**PROBLEM:** After finding the line with "D'inspiration rétro, son" in the entries below, copy that line and each one after it exactly, through the last line, and omit pictures.

Excerpts from a dataset:
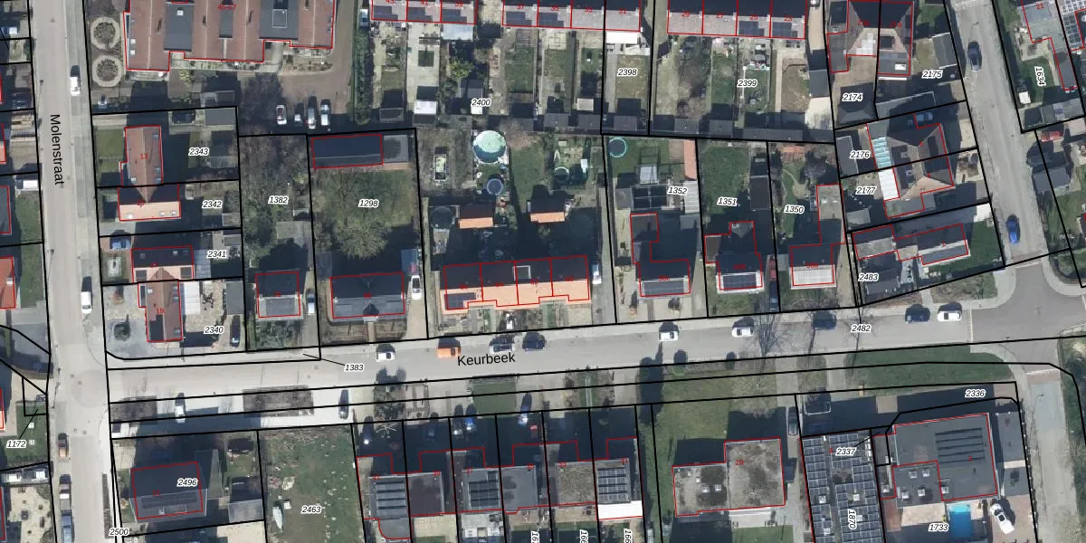 Het perceel waarop Keurbeek 62 staat heeft een oppervlakte van 4069 m². Dit is een zeer groot perceel. De perceeloppervlakte wordt geregistreerd door het Kadaster. Gedetailleerde informatie over de maten van dit perceel kunt u vinden in het rapport Kadastrale kaart met maatvoering van Keurbeek 62.
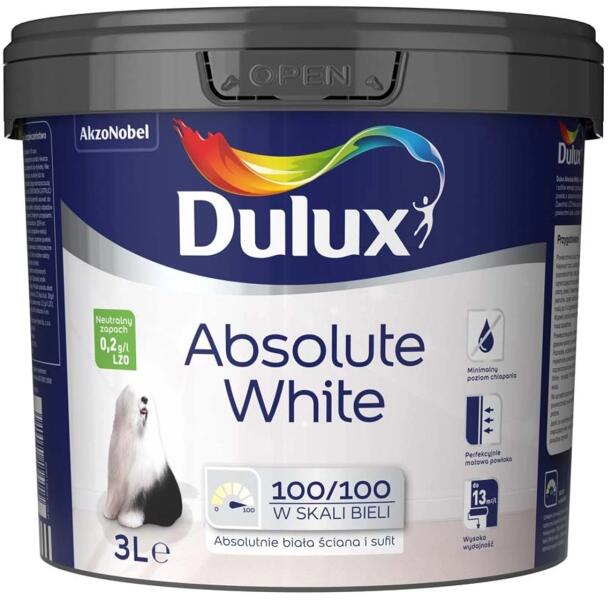 Dulux Absolute White fehér, beltéri falfesték 3 l. A Dulux Absolute White tökéletesen fehér (100/100* a fehér skálán) színt és mély matt felületet biztosít. A nagyon alacsony - 0,2 g/L - VOC tartalomnak köszönhetően semleges szagú. A festék tökéletesen eloszlik a fal felületén, optimalizált összetétele csepegésmentes, könnyű felhordást biztosít.
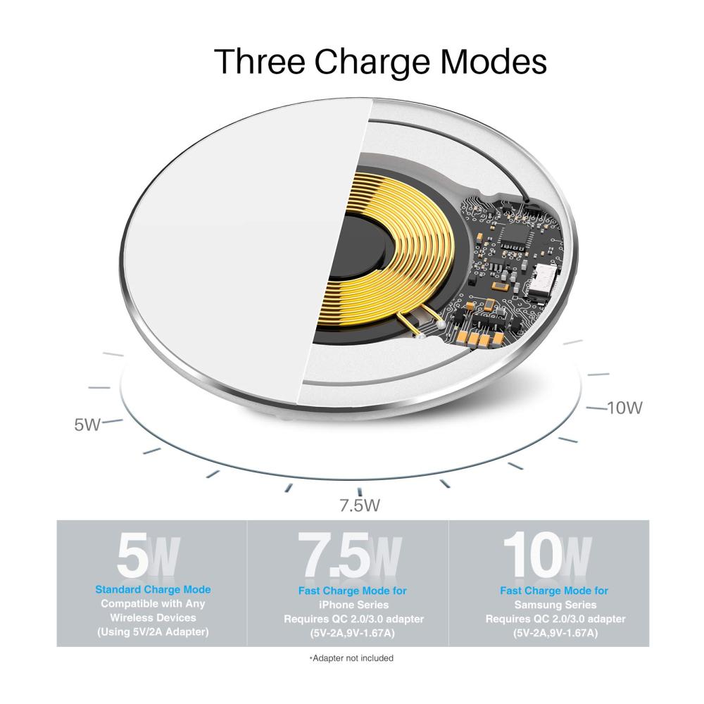 【Glatt und Dünn Design】Das W3 induktive Ladestation ist nur 2.5 mm dick und 90 mm breit. Seine leichte und kompakte Form macht es sehr tragbar, so dass Sie es mühelos in einer Tasche oder Tasche verstauen können.
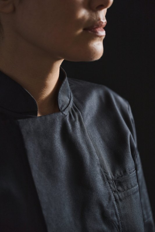 65% polyester recyclé / 35% coton. Tissu twill. Lavage industriel et/ou lavage domestique 60°C. Coupe droite. Col mao. Bande de propreté intérieure col en twill ton sur ton. Une poche poitrine passepoilée surpiquée et une poche stylos sur la manche, côté gauche au porté. Fermeture croisée avec boutons pressions en métal dissimulés sous la patte. Fentes latérales. Ourlets bas de manches et bas de vêtement. Pochette RFID bas du vêtement au-dessus des labels. Etiquette de marque détachable.
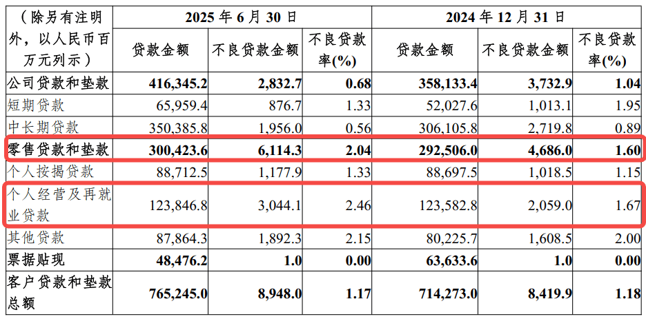 数据显示,该行零售贷款不良率从2024年末的1.6%上升至2025年上半年的2.04%,其中不良率最高的是个人经营及再就业贷款,2025年上半年达到2.46%。
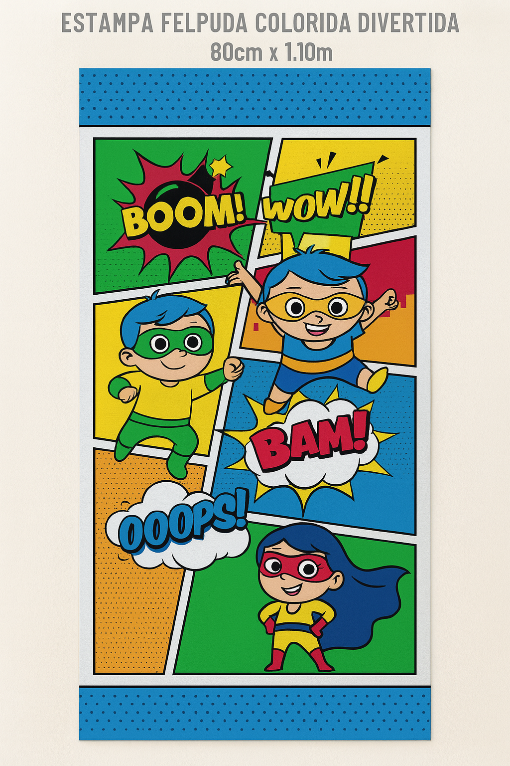 A toalha felpuda da coleção Super Poderes ilustra a temática divertida dos super-heróis, com elementos que remetem as histórias em quadrinhos como onomatopeias coloridas e fundos de diferentes padronagens. Ela possui o jeito Lepper, com um tecido que conta com a exclusiva qualidade da felpa que não desfia, possui ótima absorção e fica mais macio a cada lavagem. A hora do banho ou saída da piscina dos pequenos pode ser mais alegre, mais lúdica, mais Lepper!
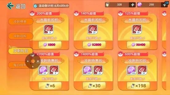 第一个活动是闪光甲贺忍蛙分别有三个档位 6元 68元 198元
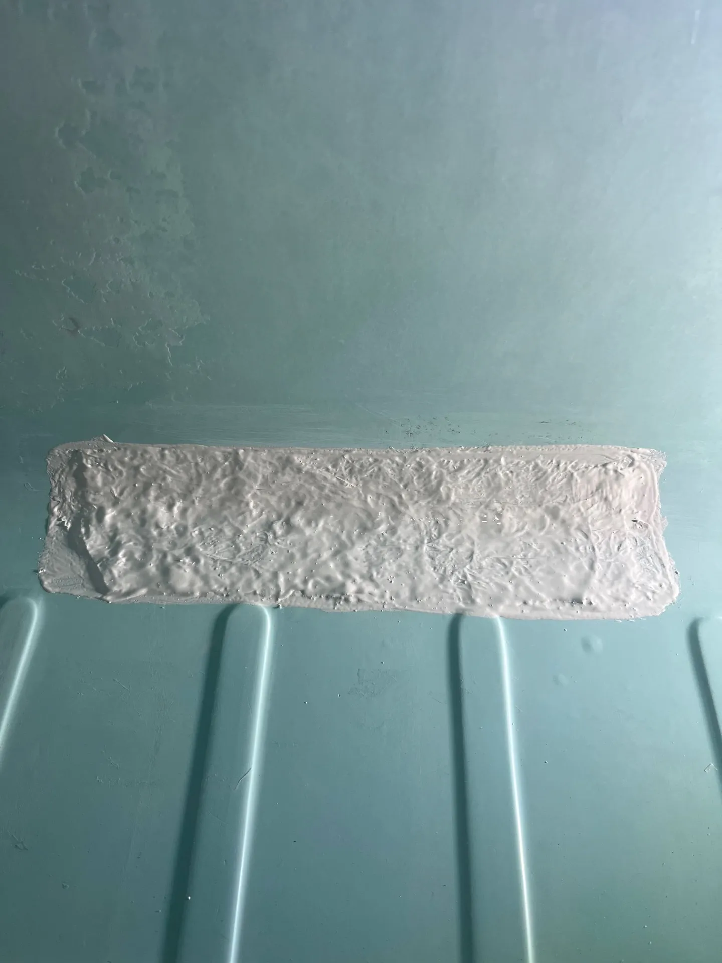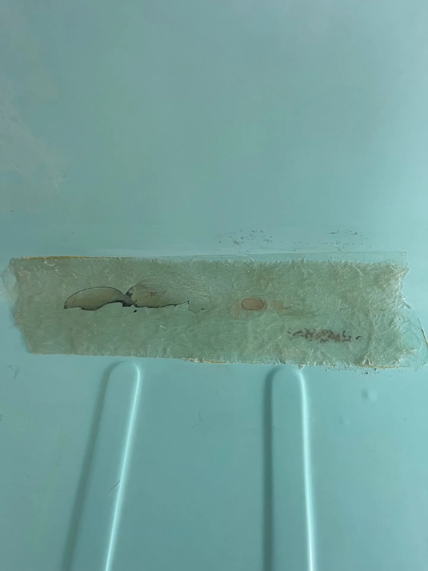 小田原市でユニットバスの穴補修(FRP防水)を行いました! 2026/04/29 ビフォー テキストテキストテキストテキスト 仕上げ前 ガラスマット施工(ガラスマットを敷いてFRP塗布) 仕上がり 研磨してトップコート
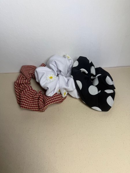 Ett set med tre scrunchies i olika mönster. En röd och beige rutig, en vit med små blommor och en svart med vita prickar.
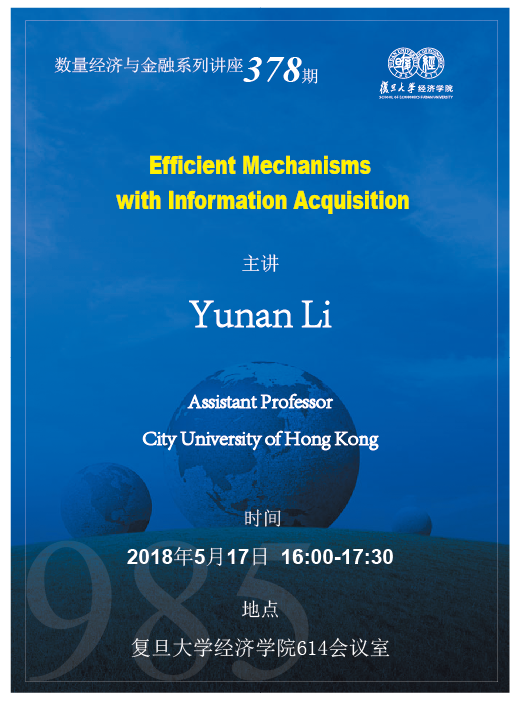 数量经济与金融系列讲座第378期: Efficient Mechanisms with Information Acquisition
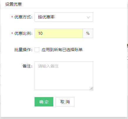 * 直接输入需要优惠的比例,再点击确定。可勾选优惠应用到所有已选择的账单。(例:如需要优惠10%,就直接输入10,载点击确定)
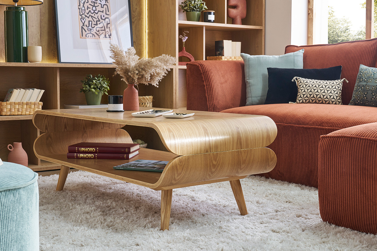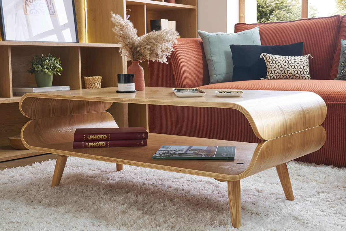 D'inspiration rétro, son design tout en rondeur et sa couleur bois clair dû à son placage frêne apporteront une touche d'authenticité à votre salon. Idéale pour donner du cachet à votre décoration d'intérieur, cette table basse en bois se révèle également être une pièce ultra pratique au quotidien. Elle bénéficie d'un espace de rangement astucieux : une grande niche pouvant accueillir des livres, des magazines ou de petits objets qui deviendront une décoration à part entière.
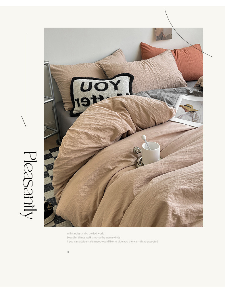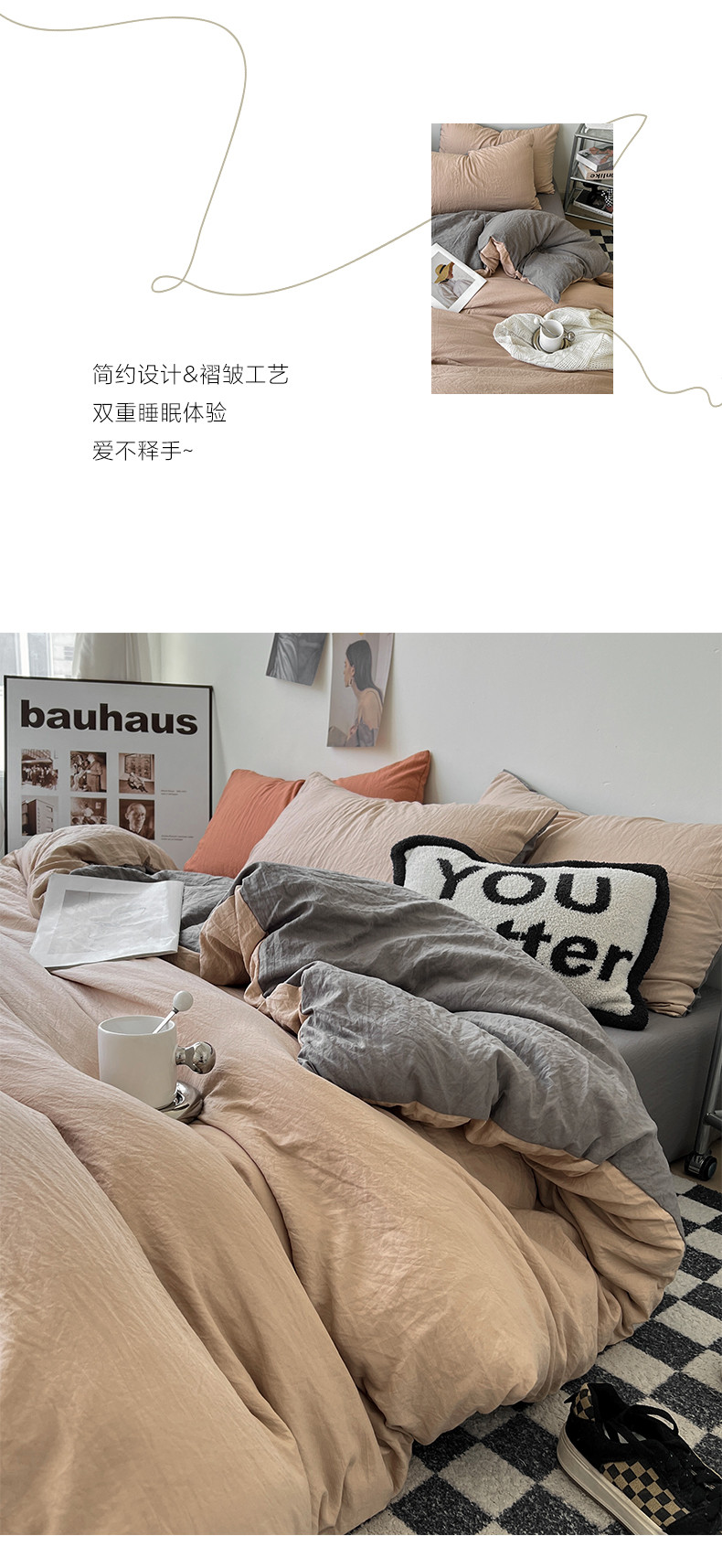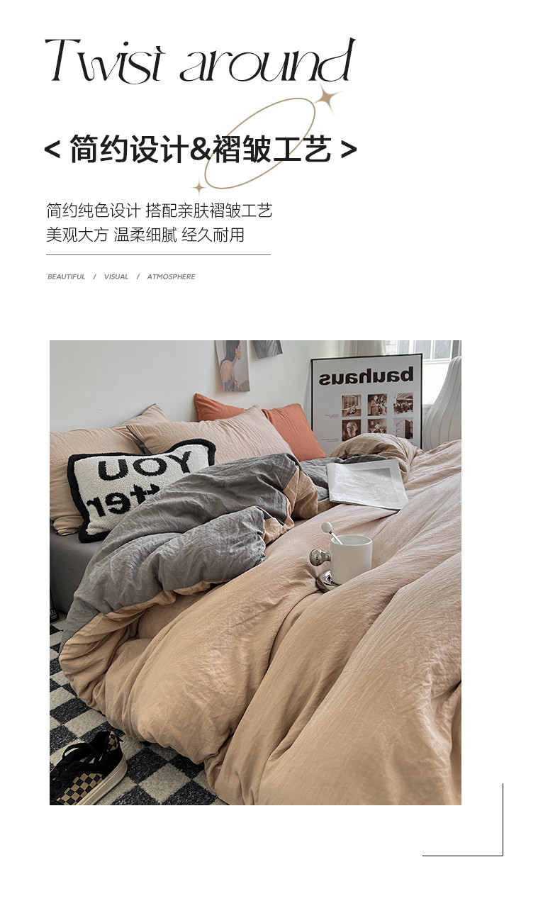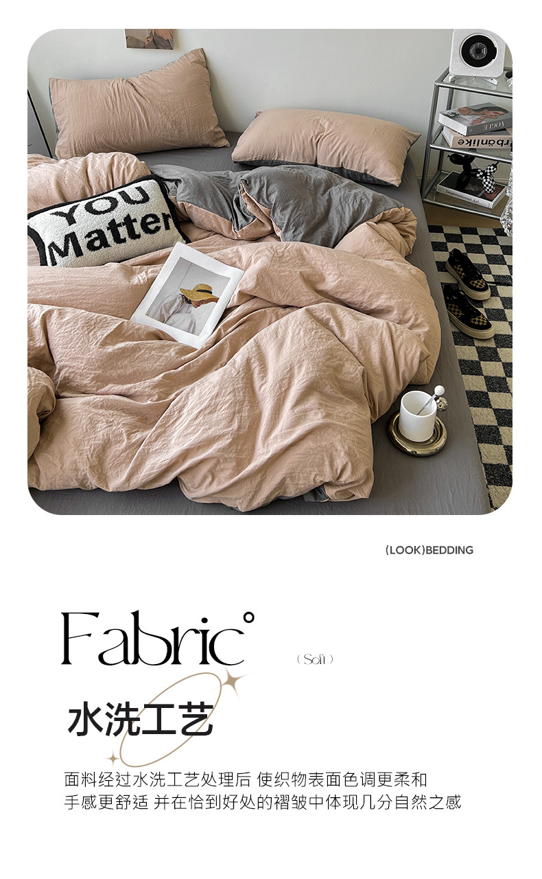 商品名称:水墨江南 2023新款超柔水洗棉简约纯色四件套 中驼浅灰

**OUTPUT OF THE EXERCISE:**
 D'inspiration rétro, son design tout en rondeur et sa couleur bois clair dû à son placage frêne apporteront une touche d'authenticité à votre salon. Idéale pour donner du cachet à votre décoration d'intérieur, cette table basse en bois se révèle également être une pièce ultra pratique au quotidien. Elle bénéficie d'un espace de rangement astucieux : une grande niche pouvant accueillir des livres, des magazines ou de petits objets qui deviendront une décoration à part entière.
 商品名称:水墨江南 2023新款超柔水洗棉简约纯色四件套 中驼浅灰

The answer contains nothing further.